The scale is generally removed by cleaning with an acid solution. This method is, however, disadvantageous in that scale removal itself entails much labor and that suspension of operation for cleaning causes a production loss and an enormous energy loss.
It has therefore been keenly demanded to develop a technique for continuously controlling scale deposition and thereby minimizing the necessity of the scale removal. In this line, it has been proposed to use maleic acid polymers (see JP-B-2-53551, the term "JP-B" as used herein means an "examined published Japanese patent application") or mixtures of polyaminopoly(alkylenephosphonic acids) together with nonionic surfactants (see U.S. Patent 4,799,995) as a scale deposit inhibitor. ~owever, none of the inhibitors proposed gives satisfactory results for controlling the scale deposition, and there still has been a demand for a more effective scale deposit inhibitor.
SUMMARY OF THE INVENTION
An object of the present invention is to provide an effective scale deposit inhibitor which can be applied to a digester and its peripheral equipment used in making kraft pulps and a method for continuously controlling scale deposition in the digester using the inhibitor.

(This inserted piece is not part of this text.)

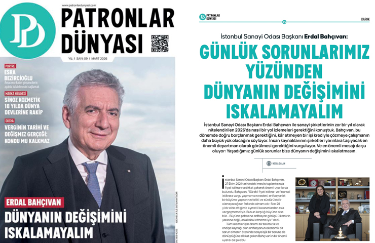 İstanbul Sanayi Odası Başkanı Erdal Bahçıvan, Türkiye ve dünyadaki gelişmeleri, sanayinin durumunu Patronlar Dünyası dergisinin mart sayısında değerlendirdi. Bahçıvan, Patronlar Dünyası Dergisi’ne zor bir yıl olacağı söylenen 2026’da sanayi işletmelerinin ayakta kalabilmesi için neler yapmaları gerektiğine dair değerlendirmelerde bulundu. Bu dönemde doğru borçlanmak gerektiğini, kar etmeyen bir işi krediyle çözmeye çalışmanın daha büyük yük olacağını söyleyen İSO Başkanı Bahçıvan, insan kaynaklarının şirketleri yarınlara taşıyacak en önemli departman olarak görülmesi gerektiğini vurguladı.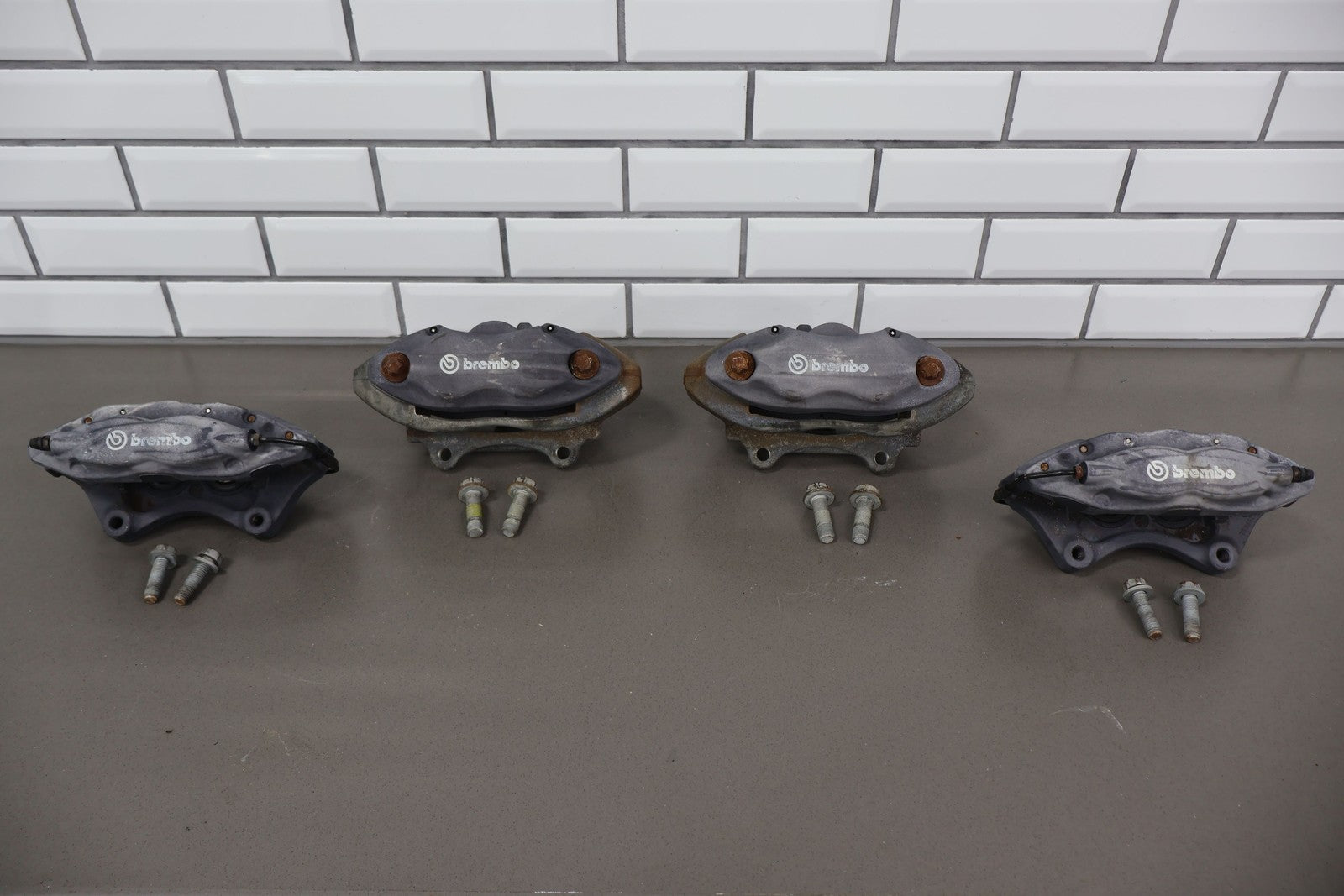 Important notes: Lh-rh/front-rear Brembo Caliper Set (4pc), 4 Piston (opt Br4), Weathered Finish On All

As a result of extensive investigations, the present inventors found that a terpolymer comprising maleic acid units, acrylic acid units, and 2-acrylamido-2-methylpropane-sulfonic acid (hereinafter abbreviated as AMPS) units at a specific ratio produces a markedly higher effect on the control of scale formation in the cooking liquor than a maleic acid homopolymer, an acrylic acid homopolymer or a maleic acid/acrylic acid copolymer. The present invention has been completed based on this finding.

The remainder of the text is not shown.